The practice, headquartered in Vasant Vihar, New Delhi, with offices in Dubai and Amritsar, has completed over 70 projects and won 14 international awards. The work is primarily residential— large private houses in South Delhi and the UAE, including Villa Creek Marina, Villa Morena, and Naukuchiatal Di Palais, alongside gurudwaras, commercial interiors, and the studio’s own flagship space, which functions as a working demonstration of the principles behind everything else. A team of over 100 works across architecture, interiors, landscape, and furniture design— and handles execution in-house, from design to completion— bound by a single philosophy: wellness-oriented architecture.

Harkaran Boparai’s Wellness-Driven Architecture Practice
The One Villa project in Punjab features clean lines, angular geometries, and axial layouts that prioritise spaciousness. Harkaran Boparai Studio

The residential projects gravitate toward the expansive, drawing on a contemporary classical language. Rooms open in sequence rather than all at once, making movement through the space intuitive. Morning light reaches deep into the rooms; harsher afternoon light is filtered before it gets inside. Shadows are kept, not eliminated, giving rooms depth and a sense of time passing. Materials are selected for how they behave over years—how stone and wood absorb sound, how surfaces respond to touch, how things age. A house designed in this fashion, Boparai believes, doesn’t need to be redone every few years. It stays relevant because it was built around how people actually live rather than a moment in taste. Sustainability, in this framework, is a consequence of durability rather than a design directive.

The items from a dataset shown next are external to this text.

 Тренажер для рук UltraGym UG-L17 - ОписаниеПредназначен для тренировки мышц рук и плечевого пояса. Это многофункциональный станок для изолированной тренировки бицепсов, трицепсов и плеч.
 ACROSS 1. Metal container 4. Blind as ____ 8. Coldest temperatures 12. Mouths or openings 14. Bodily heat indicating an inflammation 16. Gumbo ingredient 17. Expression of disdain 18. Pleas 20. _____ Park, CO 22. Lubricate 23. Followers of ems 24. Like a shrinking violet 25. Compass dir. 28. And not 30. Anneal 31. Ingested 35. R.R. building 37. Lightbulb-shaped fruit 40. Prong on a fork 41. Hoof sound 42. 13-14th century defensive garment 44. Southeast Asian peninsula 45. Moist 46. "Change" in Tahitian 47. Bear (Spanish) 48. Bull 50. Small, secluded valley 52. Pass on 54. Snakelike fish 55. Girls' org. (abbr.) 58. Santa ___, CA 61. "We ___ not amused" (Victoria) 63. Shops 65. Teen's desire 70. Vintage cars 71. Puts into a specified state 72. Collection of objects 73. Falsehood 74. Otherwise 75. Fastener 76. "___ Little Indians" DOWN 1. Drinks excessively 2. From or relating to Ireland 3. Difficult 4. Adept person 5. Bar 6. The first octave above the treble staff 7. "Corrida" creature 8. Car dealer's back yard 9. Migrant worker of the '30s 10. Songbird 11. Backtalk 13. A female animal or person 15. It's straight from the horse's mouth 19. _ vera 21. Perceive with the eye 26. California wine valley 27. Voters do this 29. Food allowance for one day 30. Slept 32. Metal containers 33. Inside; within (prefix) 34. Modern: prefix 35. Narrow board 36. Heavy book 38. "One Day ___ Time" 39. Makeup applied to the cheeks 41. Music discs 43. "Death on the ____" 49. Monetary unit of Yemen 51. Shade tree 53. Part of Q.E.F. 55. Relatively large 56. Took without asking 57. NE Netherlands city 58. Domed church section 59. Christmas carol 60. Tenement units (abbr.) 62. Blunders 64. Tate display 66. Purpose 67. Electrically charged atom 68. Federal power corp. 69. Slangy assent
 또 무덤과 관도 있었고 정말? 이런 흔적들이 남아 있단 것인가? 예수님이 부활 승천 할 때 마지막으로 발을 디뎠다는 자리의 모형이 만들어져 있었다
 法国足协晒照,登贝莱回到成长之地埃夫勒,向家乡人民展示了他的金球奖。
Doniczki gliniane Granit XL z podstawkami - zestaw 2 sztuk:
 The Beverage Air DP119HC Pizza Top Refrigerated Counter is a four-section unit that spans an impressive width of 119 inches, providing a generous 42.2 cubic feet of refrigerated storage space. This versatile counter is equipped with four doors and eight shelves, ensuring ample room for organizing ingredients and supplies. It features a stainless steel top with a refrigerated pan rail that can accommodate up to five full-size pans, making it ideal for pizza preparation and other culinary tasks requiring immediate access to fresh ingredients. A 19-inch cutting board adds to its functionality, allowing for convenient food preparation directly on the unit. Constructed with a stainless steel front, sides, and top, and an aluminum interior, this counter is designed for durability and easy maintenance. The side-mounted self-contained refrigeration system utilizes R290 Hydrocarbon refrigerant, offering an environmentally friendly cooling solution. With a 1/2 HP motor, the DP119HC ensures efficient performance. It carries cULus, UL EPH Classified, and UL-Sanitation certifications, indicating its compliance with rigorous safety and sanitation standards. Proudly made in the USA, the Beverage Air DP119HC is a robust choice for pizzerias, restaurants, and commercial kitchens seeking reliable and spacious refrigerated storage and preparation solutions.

Harkaran Boparai’s Wellness-Driven Architecture Practice
The Durbar room at the Harkaran Studio in New Delhi is designed to look like a British tea room. Harkaran Boparai Studio

Gurudwara commissions—Boali Sahib, Patna Sahib, Mandi Sahib— present a different problem. A private house is designed around one household, its rhythms and habits known in advance. A place of worship has to absorb hundreds of people across different times of day, different occasions, different states of mind. The brief doesn’t allow for the kind of spatial calibration that defines the residential work. Instead, Boparai pulls back—letting light, volume, and proportion carry the experience—trusting that the same principles that make a room livable make a large space navigable. The architecture recedes. What remains is the effect. 

Harkaran Boparai’s Wellness-Driven Architecture Practice
The Cove House, also in Punjab, spans approximately 16,000 square feet. It is designed to blend luxury residential architecture with the natural surroundings. Harkaran Boparai Studio

This intentionality in making stems from Boparai’s foundational core. Trained at Guru Nanak Dev University and shaped by early mentorship under architect Reza Kabul, Boparai describes his practice as rooted in Indian culturalism but made, in his words, for the world. Wellbeing, in Boparai’s work, is not located in any single decision. It accumulates in how a corridor turns, how a ceiling height changes, how a room is sized to allow stillness. It is, in the end, architecture you feel before you understand it.